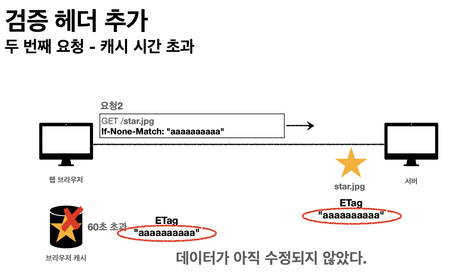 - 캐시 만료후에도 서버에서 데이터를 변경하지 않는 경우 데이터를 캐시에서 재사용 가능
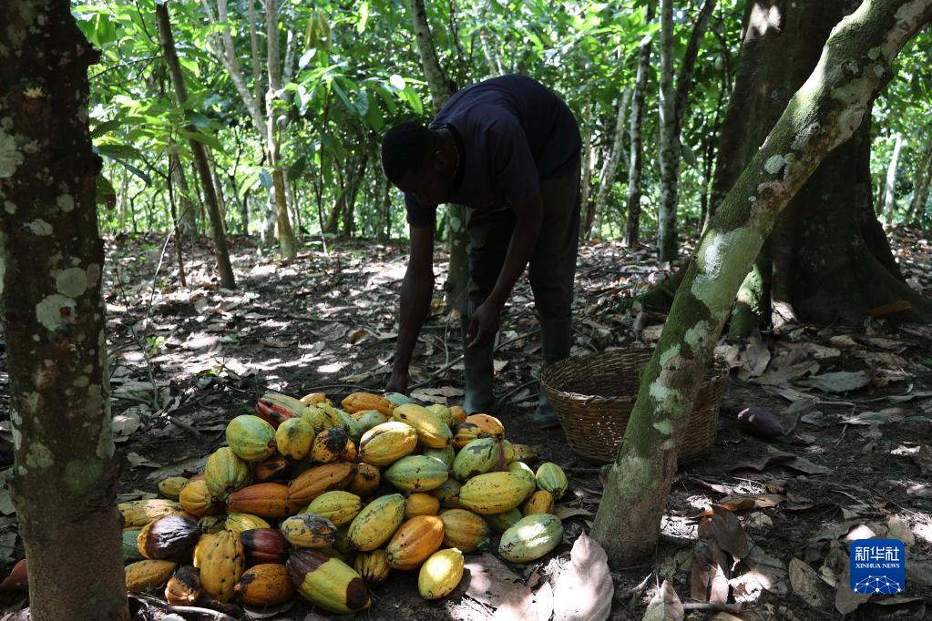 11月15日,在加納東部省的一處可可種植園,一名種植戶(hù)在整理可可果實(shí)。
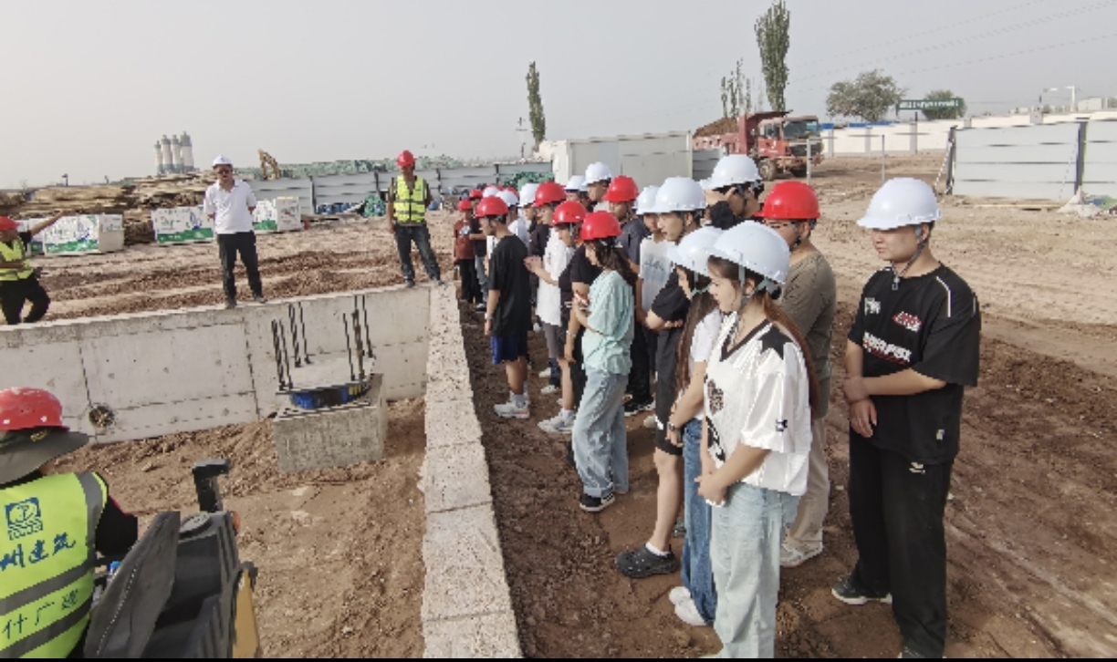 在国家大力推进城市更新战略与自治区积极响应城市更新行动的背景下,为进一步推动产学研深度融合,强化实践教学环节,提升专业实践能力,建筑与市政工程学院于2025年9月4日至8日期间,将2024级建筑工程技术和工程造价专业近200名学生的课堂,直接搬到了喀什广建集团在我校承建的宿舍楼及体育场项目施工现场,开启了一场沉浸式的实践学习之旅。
※
**Problem details:** Only the lines from the one containing "11月15日,在加納東部省的" through the last line of the data may appear in the answer, each given again exactly and with pictures left out.

**Answer space:**
 11月15日,在加納東部省的一處可可種植園,一名種植戶(hù)在整理可可果實(shí)。
 在国家大力推进城市更新战略与自治区积极响应城市更新行动的背景下,为进一步推动产学研深度融合,强化实践教学环节,提升专业实践能力,建筑与市政工程学院于2025年9月4日至8日期间,将2024级建筑工程技术和工程造价专业近200名学生的课堂,直接搬到了喀什广建集团在我校承建的宿舍楼及体育场项目施工现场,开启了一场沉浸式的实践学习之旅。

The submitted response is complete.